Phlegmacium flavivelatum

Scientific classification
- Kingdom: Fungi
- Division: Basidiomycota
- Class: Agaricomycetes
- Order: Agaricales
- Family: Cortinariaceae
- Genus: Phlegmacium
- Species: P. flavivelatum
- Binomial name: Phlegmacium flavivelatum (Kytöv., Liimat. & Niskanen) Niskanen & Liimat. (2022)
- Synonyms: Cortinarius flavivelatus Kytöv., Liimat. & Niskanen (2014);

= Phlegmacium flavivelatum =

- Authority: (Kytöv., Liimat. & Niskanen) Niskanen & Liimat. (2022)
- Synonyms: Cortinarius flavivelatus

Species of fungus

Phlegmacium flavivelatum is a species of mushroom-forming fungus in the family Cortinariaceae. First described in 2014 as Cortinarius flavivelatus, it was reclassified in 2022 based on molecular data. The mushroom features a 5–8 cm viscid cap coloured olive-brown to ochraceous, emarginate (notched) gills that change from pale-bluish to brownish, and a whitish stem with distinctive yellow veil remnants forming girdles. It is closely related to Phlegmacium pini, which differs by having a white veil and larger spores. The species is known to occur only in boreal coniferous forests in Sweden, where it was collected in a spruce heath forest with pine and birch trees.

==Taxonomy==

It was originally described in 2014 by the mycologists Ilkka Kytövuori, Kare Liimatainen and Tuula Niskanen who classified it as Cortinarius flavivelatus. The type specimen was collected on 15 August 15 by Kytövuori (collection number 98-885) in Sweden. It was found in Norrbotten province near Pajala, specifically in the Junosuando locality within a Nature Reserve. The habitat was a relatively dry Picea abies (Norway spruce) heath forest that also contained Pinus (pine) and Betula (birch) trees, interspersed with open meadow areas.

The taxon was originally classified in the (subgenus Phlegmacium) of the large mushroom genus Cortinarius. The specific epithet flavivelatum (originally flavivelatus) refers to the yellow colour of the universal veil.

In 2022 the species was transferred from Cortinarius and reclassified as Phlegmacium flavivelatum based on molecular data.

==Description==

Cortinarius flavivelatus is a mushroom-forming fungus characterised by a medium-sized fruiting body. The pileus (cap) measures 5–8 cm in width, initially hemispherical to convex, later becoming plano-convex.
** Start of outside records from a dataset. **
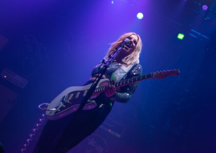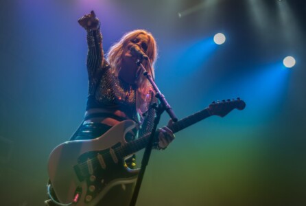 The final song of the set ‘Criminal’, finds Lindsay on her knees with her top half laying back playing a wonderful solo on the edge of the stage. A mighty impressive display of flexibility and guitar playing indeed.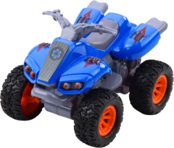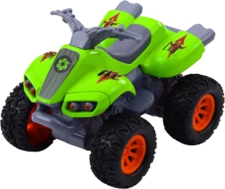 Kvads ar piedziņu ir dinamiska apvidus rotaļlieta, kas pārsteigs ikvienu mazo ātras braukšanas entuziastu. Gumijas riteņi un izturīgā metāla virsbūve piešķir kvadam reālistisku uzvedību kustībā, ar iespēju braukt gan mājās, gan ārā.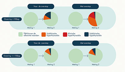 Van de patiënten die in 2014 meer dan 100 μg Thyrax® per dag gebruikten en die bij de eerste meting een normale TSH-waarde hadden, had 27% bij de tweede meting, zonder dosisaanpassing, een TSH-waarde buiten de referentiewaarden. Van degenen die minder dan 100 μg Thyrax® gebruikten, had 16% bij de tweede meting een TSH-waarde buiten de referentiewaarden ([figuur], deelonderzoek 1).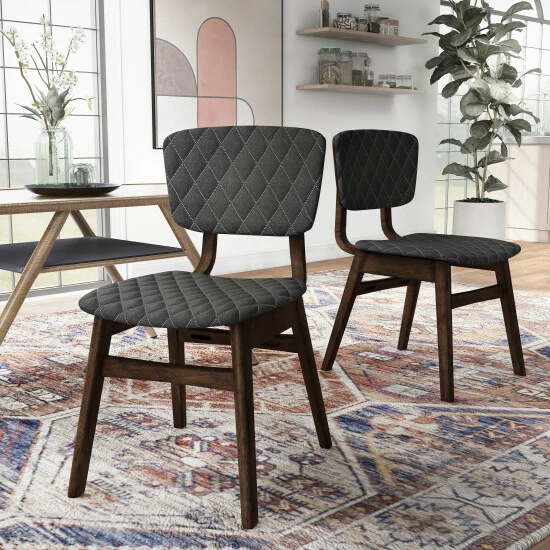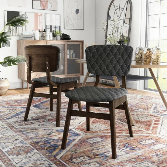 The Mid Century Modern style of these upholstered dining chairs has an understated cool presence, played up by the rich walnut finish of its frame. The simple curved padded backrest and retro inspired quilted upholstery are a welcome break from your conventional dining chair styles.

It has a viscid surface with fine, innate fibrils, coloured olive brown to ochraceous brown at the centre, fading to lighter tones at the margin, and displays hygrophanous streaking patterns.
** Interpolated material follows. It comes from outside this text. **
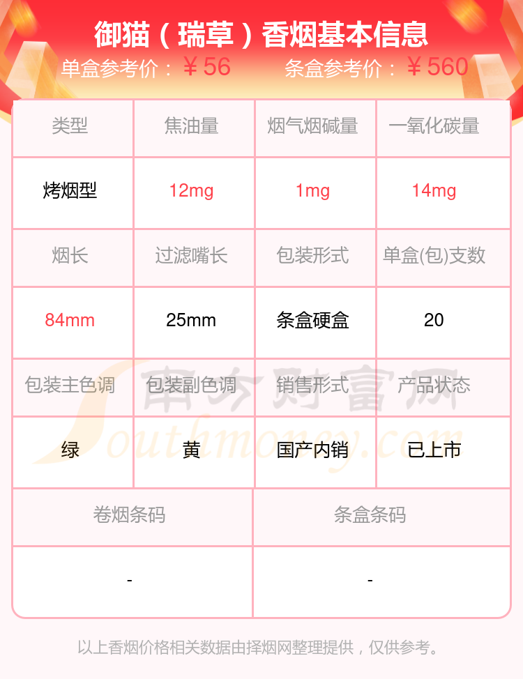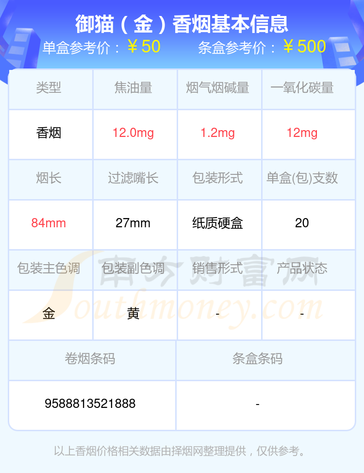 御貓香煙高于50元的煙有御貓(瑞草)、御貓(金)等,具體價格如下:

The lamellae (gills) are emarginate (a "notched" attachment to the stipe) and densely arranged. They have a distinctive pale-bluish colouration when young, later developing into pale brown with a bluish tint. The stipe (stem) measures 6–10 cm in length, with a thickness of 1–1.8 cm at the apex, widening to 1.5–2.5 cm at the base, making it club-shaped (clavate) to nearly cylindrical in shape. The stipe is predominantly whitish with a bluish tint observable at the apex.

A defining feature of this species is its yellow universal veil, which forms girdles on the stipe and has a somewhat viscid texture. The context (flesh) is white throughout the pileus and lower portions of the stipe, while displaying a bluish colour at the stipe apex. The fungus has an indistinct odour and shows no reaction when tested with potassium hydroxide solution (KOH). Dried specimens (Latin: specimina exsiccata) as deposited in herbaria have a warm yellowish to reddish brown pileus and a whitish stipe.

Under the microscope, Cortinarius flavivelatus shows distinctive features. The basidiospores are almond to lemon-shaped, measuring about 9.1–10.9 by 5.0–5.9 μm, with a finely warty surface. The mushroom's internal structure contains various coloured elements: the spore-producing cells (basidia) are club-shaped and pale brown; the gill tissue contains dark granules; the stipe surface has entangled threads with reddish-black granules; and the cap cuticle consists of a gelatinous layer of ochre-brown threads over a well-developed reddish-brown layer beneath, both featuring dark brown granular deposits.

===Similar species===

The species is closely related to Phlegmacium pini, which differs by having a white universal veil and larger spores.

==Habitat and distribution==
Cortinarius flavivelatus is known to occur only in boreal coniferous forests of Sweden.